HP71B Integral Questions

[Wes Loewer]

(02-06-2020 11:16 PM)Albert Chan Wrote:  

(02-06-2020 06:53 PM)Wes Loewer Wrote:  If I understand correctly (and please correct me if I'm wrong), it's not this substitution that prevents the end points from being evaluated. The reason the endpoints are not evaluated is because the Romberg variation used is based on rectangle midpoint evaluations rather than something like a trapezoid (trapezium) method which does evaluate endpoints.

A simple test showed that HP71B INTEGRAL do extrapolations from trapezoids, not mid-points rule.

>10 DISP INTEGRAL(-1, 1, 1E-5, 1/SQRT(1-IVAR^2)), IBOUND
>RUN
3.14156045534              -3.1415397954E-5

this failure to converge (65535 sample points !) is due to missing end points evaluation.

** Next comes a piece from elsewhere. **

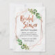 Looking for a modern bridal shower invitation? This design features a faux marble background and faux rose gold brush calligraphy heading and some greenery. I've also added some geometric thin line art also in rose gold on both the front of the invitation. More designs in this style are available at the store. This modern marble rose gold line art bridal shower invitation is ready to be personalized and is ideal for someone who likes marble and faux rose gold foil invitations.
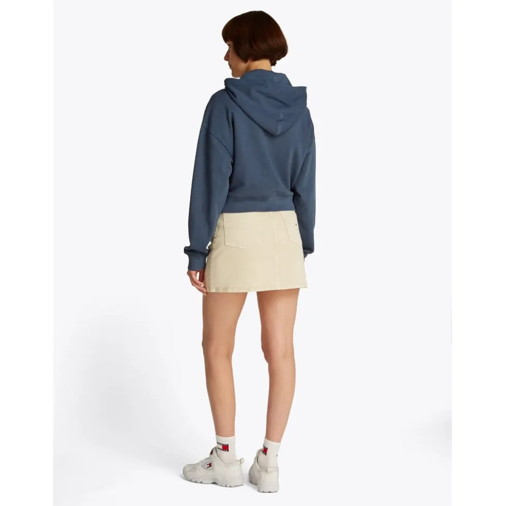 Tommy Jeans Varsity Cropped Hooded Relaxed Sweatshirt in Blue

But the standard trapezoid method evaluates the endpoints while the rectangle midpoint method does not. As you said, the endpoints are not evaluated, which points to the midpoint method. The 50g definitely uses Romberg extrapolation of midpoints (see edit below) and gives very similar results as above. Setting the number format to FIX 5, you get:

result = 3.14156045554, IERR = -3.14153979546E-5

I could be wrong, but I would be very surprised if they changed up the algorithm for the 71b.

(02-06-2020 11:16 PM)Albert Chan Wrote:  

Quote:So then the question was "Why make this substitution if the intervals are already nonuniform?"

It does matter, even if gaussian quadrature do not evaluate end points.
u-transformation changes the overall shape of the integrand, affecting all sample points.

Right, that's just what I was trying to explain and demonstrate in the sample graph.

EDIT: Ack! It seems that my statement "The 50g definitely uses Romberg extrapolation of midpoints" was definitely wrong. :-(
Mea culpa